The COVID-19 pandemic “continues to pose a substantial and indeterminate threat to the financial health and sustainability” of the University, UNC officials have reported to the state system that oversees it. “The University faces significant uncertainty for all major revenue sources and has incurred large, unexpected costs to date as a result of COVID-19.”

UNC responded to a request for anticipated financial consequences from the UNC System Board of Governors based on potential negative impact of enrollment drops at various levels — from 2 percent to 50 percent.

If UNC were to sustain enrollment reductions of 2 to 10 percent due to students’ decisions to stay away from campus and to decline to pay full tuition for online-only classes that would be available if they did stay away, it would rely on its fund balance, reduction in staff and reduction in operating expenses to cover losses of tuition, student fees and auxiliary revenue.

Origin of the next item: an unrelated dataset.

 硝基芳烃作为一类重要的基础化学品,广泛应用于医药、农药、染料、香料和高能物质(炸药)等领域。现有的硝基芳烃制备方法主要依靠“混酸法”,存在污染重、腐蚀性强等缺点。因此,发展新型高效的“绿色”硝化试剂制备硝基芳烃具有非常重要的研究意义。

“For housing, dining, parking, and other auxiliaries,” UNC’s report said it “anticipates using fund balances to absorb these losses. This short-term strategy undermines the best practice of maintaining three months of operating reserves on hand, hurts capital and physical plant renovation investment, and significantly limits flexibility in the long-term. However, fund balance depletion allows UNC-CH to forestall more drastic measures in personnel and operating expense reduction.”

Under the worst-case scenarios of 25 percent to 50 percent reductions to enrollment, and without external funding relief, UNC “would be required to implement extraordinary, unprecedented, and wide-ranging actions. These would include complete depletion of fund balances and substantial program and personnel reductions across the University.”

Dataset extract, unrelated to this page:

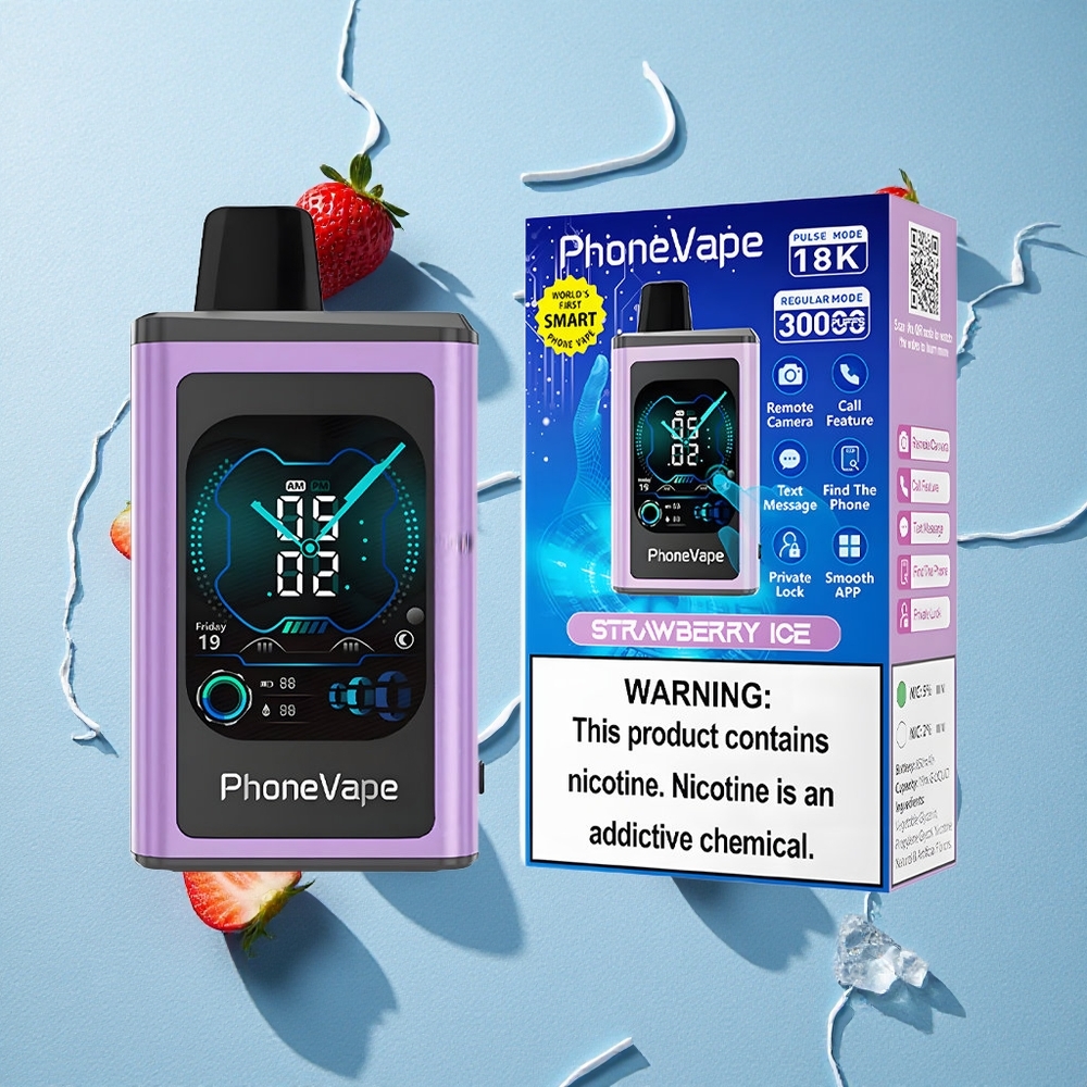 JNR PhoneVape 30000 نفخة بخاخة نكهة الفراولة آيس مع شاشة كاملة وبطارية قابلة لإعادة الشحن 850mAh

In a public meeting on July 24, Steve Farmer, vice chancellor for enrollment and undergraduate admissions, said a survey of undergraduates in late June showed only 2 percent were considering not enrolling.

“Enrollment reports and tuition and fee collections to date indicate minimal impact to UNC-CH enrollment for fall 2020 and suggest enrollment declines of 25 or 50 percent are extremely unlikely,” the report said. More will be known about that number as students begin moving in this week with classes set to start on Aug. 10.

The University said it already had eliminated nonessential expenditures, restricted hiring and salary adjustments and postponed construction projects.

“As the University prepares to reopen in fall 2020, we anticipate significant additional expenses to ensure the on-campus safety and health of the campus-community,” the report said. “The need for financial aid will also likely increase due to significant losses in income for many of our students and their families. Federal and state relief funds have only partially offset incurred revenue losses and estimated reopening expenses to date.”

On the plus side financially, UNC recently reported record revenues — more than $1 billion — from sponsored research in the 2019-20 fiscal year. “With UNC-CH’s ongoing leadership in coronavirus research and the premium on research activity, this upward trend is expected to continue,” the report said.

In response to a Board of Governors’ question about the financial impact of the potential loss of athletics revenue due to the pandemic, UNC said disruption or postponement would affect each of its four primary sources — ticket sales, media, conference distributions and private funding. A minimal impact would require reduction of operating expenses and personnel. “In scenarios where revenue loss is greater than 50 percent,” the report said, “such financial impacts would require borrowing or gifts to support ongoing operations in addition to the actions taken” under the less serious scenario.